▶ _RECORDS FOR THIS TASK_
──────────────────────────────

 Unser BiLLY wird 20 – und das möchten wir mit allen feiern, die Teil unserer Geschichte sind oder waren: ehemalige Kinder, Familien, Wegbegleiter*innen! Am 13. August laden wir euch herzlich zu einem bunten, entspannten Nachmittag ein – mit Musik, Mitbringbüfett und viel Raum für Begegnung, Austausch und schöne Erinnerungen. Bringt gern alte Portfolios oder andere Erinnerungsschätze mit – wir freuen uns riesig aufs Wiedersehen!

──────────────────────────────

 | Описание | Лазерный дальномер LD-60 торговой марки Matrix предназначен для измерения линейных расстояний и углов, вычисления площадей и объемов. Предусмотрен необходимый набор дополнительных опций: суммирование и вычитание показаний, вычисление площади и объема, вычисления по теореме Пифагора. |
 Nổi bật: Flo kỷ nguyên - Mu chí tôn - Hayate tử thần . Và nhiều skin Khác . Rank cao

──────────────────────────────

▶ _TASK TO CARRY OUT_
Out of the material above, output word for word the line with "теореме Пифагора. |", the line with "Nổi bật: Flo", and all lines between them, with nothing else.

▶ _RESULT OF THIS TASK_
 | Описание | Лазерный дальномер LD-60 торговой марки Matrix предназначен для измерения линейных расстояний и углов, вычисления площадей и объемов. Предусмотрен необходимый набор дополнительных опций: суммирование и вычитание показаний, вычисление площади и объема, вычисления по теореме Пифагора. |
 Nổi bật: Flo kỷ nguyên - Mu chí tôn - Hayate tử thần . Và nhiều skin Khác . Rank cao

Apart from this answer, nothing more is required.